_TRY IT_: Please give the whole listing again word for word, and drop any pictures it holds.

_EXERCISE DATA_:
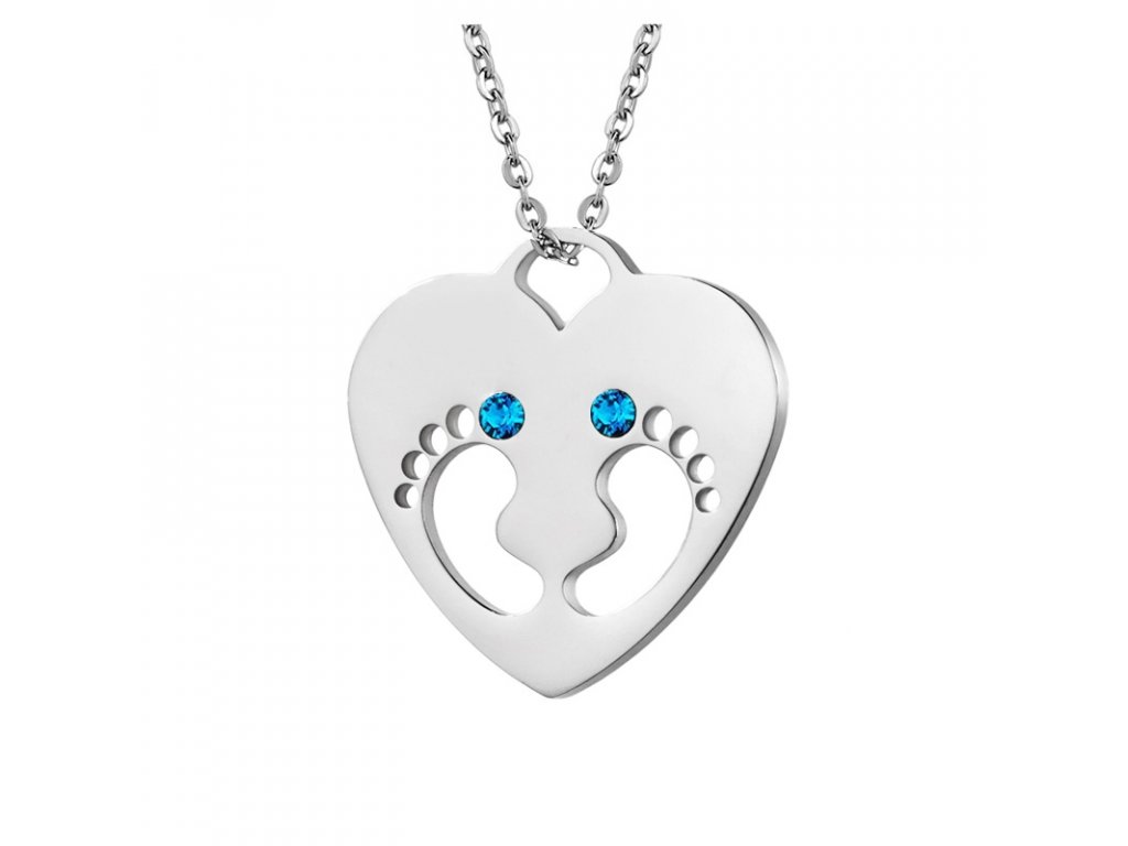 Náhrdelník z chirurgické oceli, který tvoří řetízek a přívěsek - dětské nožičky v srdíčku. Přívěsek je zdobený modrými krystaly Swarovski.
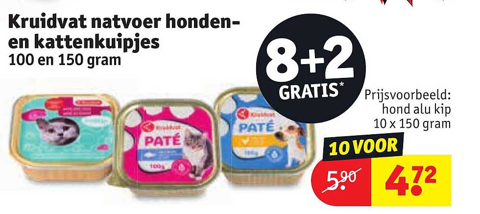 Bekijk de Kruidvat Natvoer Honden- En Kattenkuipjes aanbieding bij Kruidvat! Deze fantastische aanbieding is nu beschikbaar in de nieuwste Kruidvat folder. Profiteer van deze kans en bespaar flink op je aankoop.
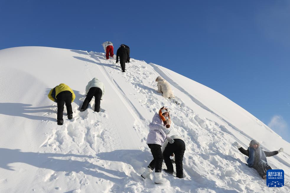 12月27日,游人在漠河市北极村攀爬雪坡。新华社发(邵天李摄)
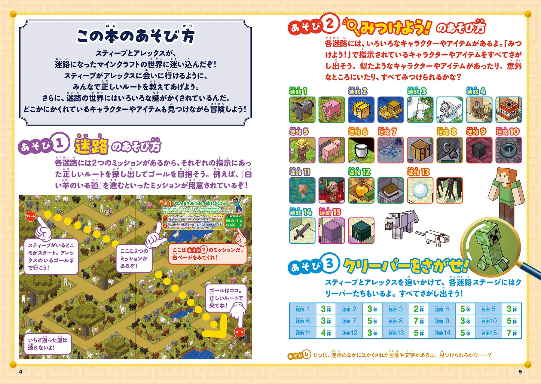 本書は、マインクラフトの世界を舞台に、エンダードラゴンを倒すという目的を果たすべく15種類のステージ(迷路)をクリアしていく、じっくり遊べる迷路ブックです。それぞれの迷路に2つのミッションが設定されており、それらの指示にあった正しいルートを探し出す必要があります。さらに、すべての迷路に特定のキャラやアイテムを見つける絵探しも用意されているほか、迷路のどこかにクリーパーや秘密の文字が隠れているとか……? 一筋縄ではいかない難易度で何度も楽しめるおトクな1冊になっています。

_RESPONSE FOR THIS EXERCISE_:
 Náhrdelník z chirurgické oceli, který tvoří řetízek a přívěsek - dětské nožičky v srdíčku. Přívěsek je zdobený modrými krystaly Swarovski.
 Bekijk de Kruidvat Natvoer Honden- En Kattenkuipjes aanbieding bij Kruidvat! Deze fantastische aanbieding is nu beschikbaar in de nieuwste Kruidvat folder. Profiteer van deze kans en bespaar flink op je aankoop.
 12月27日,游人在漠河市北极村攀爬雪坡。新华社发(邵天李摄)
 本書は、マインクラフトの世界を舞台に、エンダードラゴンを倒すという目的を果たすべく15種類のステージ(迷路)をクリアしていく、じっくり遊べる迷路ブックです。それぞれの迷路に2つのミッションが設定されており、それらの指示にあった正しいルートを探し出す必要があります。さらに、すべての迷路に特定のキャラやアイテムを見つける絵探しも用意されているほか、迷路のどこかにクリーパーや秘密の文字が隠れているとか……? 一筋縄ではいかない難易度で何度も楽しめるおトクな1冊になっています。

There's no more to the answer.